Exercise —
Output must consist only of the lines of the material below from the one with "Нарезать на ломтики" through the one with "- Volle Flexibilität: Zusätzlich", each reproduced exactly; no pictures belong in it.

+++ Provided entries +++

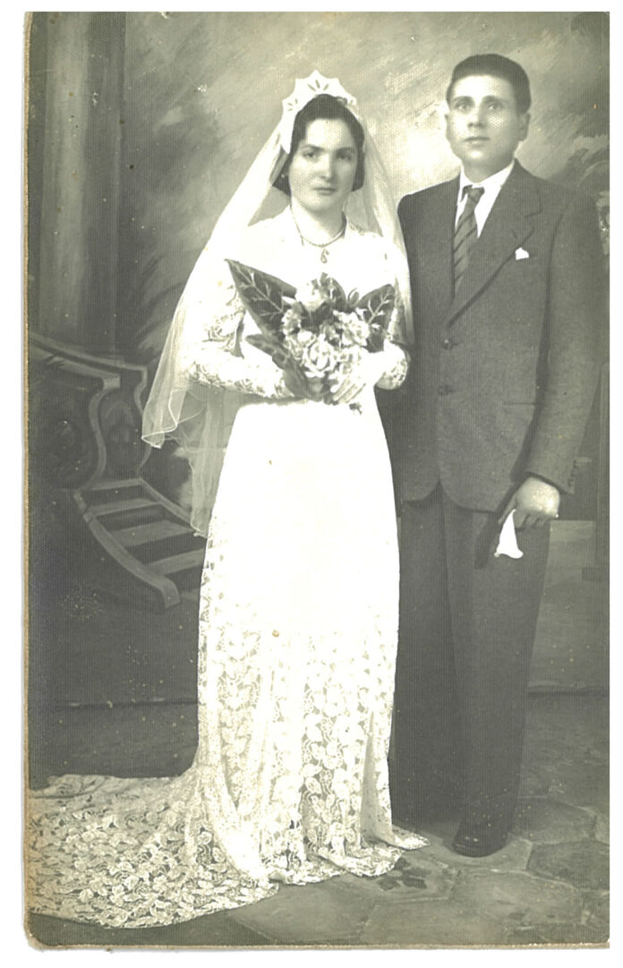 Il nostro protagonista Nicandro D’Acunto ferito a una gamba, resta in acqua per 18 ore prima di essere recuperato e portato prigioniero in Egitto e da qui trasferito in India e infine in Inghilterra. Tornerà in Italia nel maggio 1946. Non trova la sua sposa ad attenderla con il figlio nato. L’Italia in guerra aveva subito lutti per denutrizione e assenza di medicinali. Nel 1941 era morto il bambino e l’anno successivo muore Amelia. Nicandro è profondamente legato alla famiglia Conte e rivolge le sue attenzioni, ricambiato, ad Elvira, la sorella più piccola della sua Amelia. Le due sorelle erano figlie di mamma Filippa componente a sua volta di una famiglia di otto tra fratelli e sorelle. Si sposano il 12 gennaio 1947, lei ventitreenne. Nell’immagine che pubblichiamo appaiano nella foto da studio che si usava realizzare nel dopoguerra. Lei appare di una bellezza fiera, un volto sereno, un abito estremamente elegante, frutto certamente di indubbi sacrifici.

+++
+++ Provided entries +++

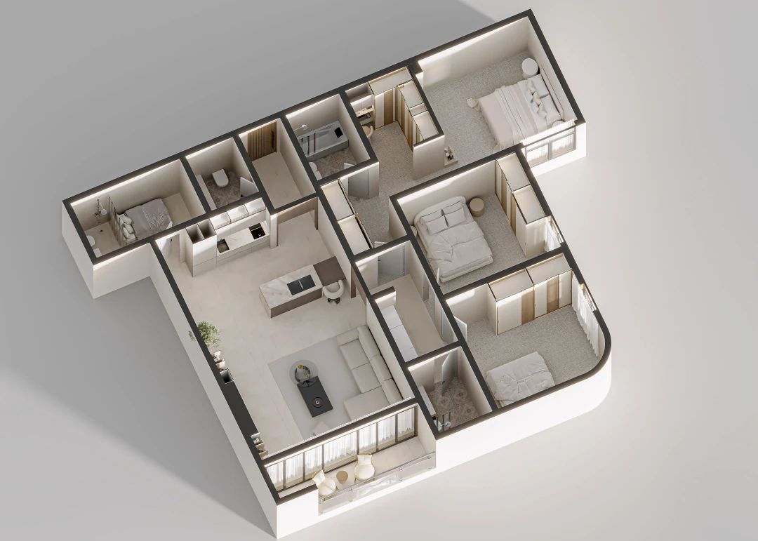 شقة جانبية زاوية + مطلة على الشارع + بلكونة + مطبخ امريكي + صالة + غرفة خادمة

+++
+++ Provided entries +++

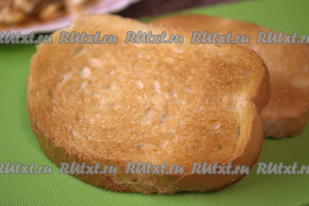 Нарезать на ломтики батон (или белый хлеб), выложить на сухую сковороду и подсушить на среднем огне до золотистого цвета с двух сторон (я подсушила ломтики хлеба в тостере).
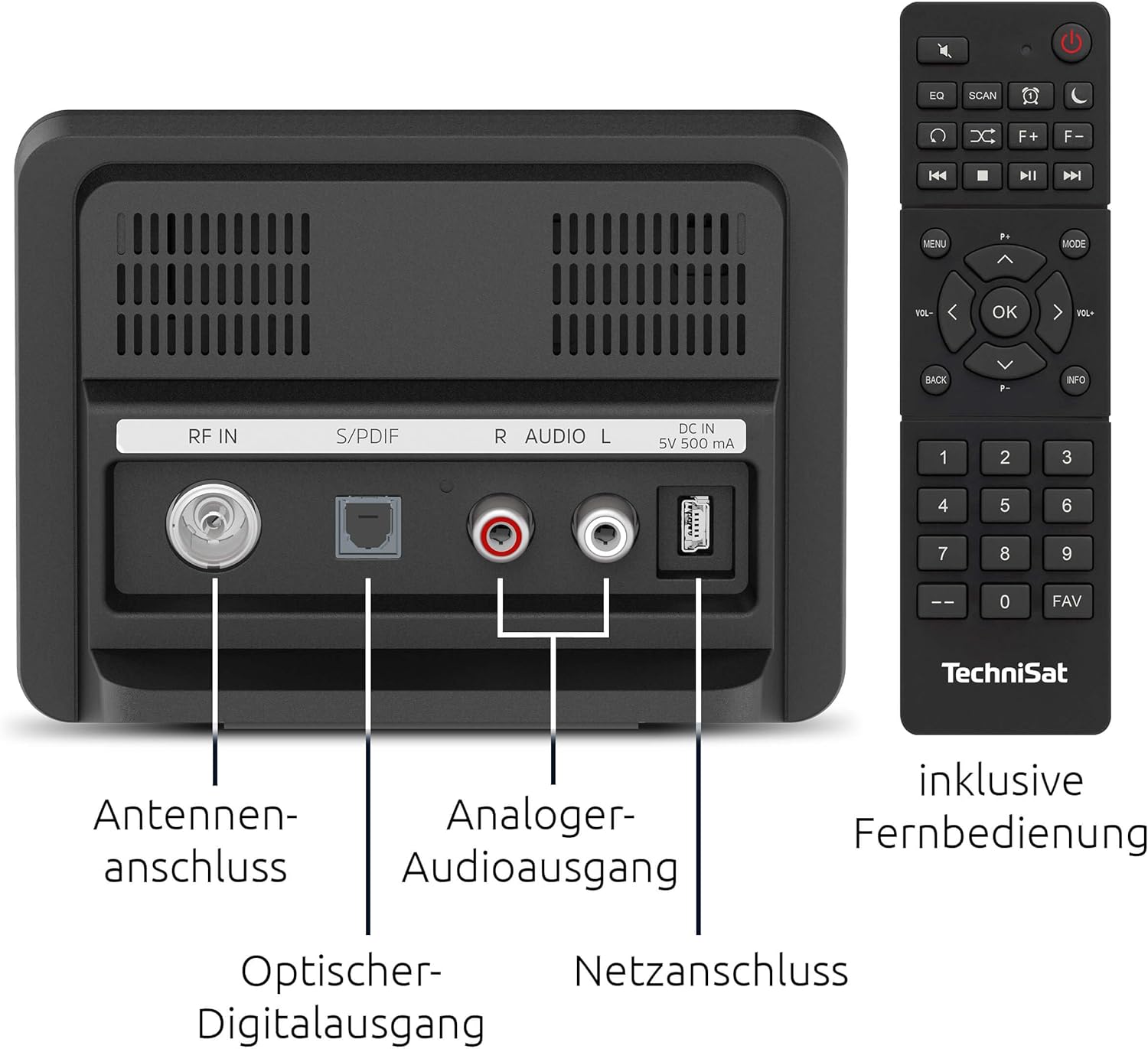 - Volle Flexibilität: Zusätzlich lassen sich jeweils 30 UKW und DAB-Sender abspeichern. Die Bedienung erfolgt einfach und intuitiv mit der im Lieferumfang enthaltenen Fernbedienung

+++

Result —
 Нарезать на ломтики батон (или белый хлеб), выложить на сухую сковороду и подсушить на среднем огне до золотистого цвета с двух сторон (я подсушила ломтики хлеба в тостере).
 - Volle Flexibilität: Zusätzlich lassen sich jeweils 30 UKW und DAB-Sender abspeichern. Die Bedienung erfolgt einfach und intuitiv mit der im Lieferumfang enthaltenen Fernbedienung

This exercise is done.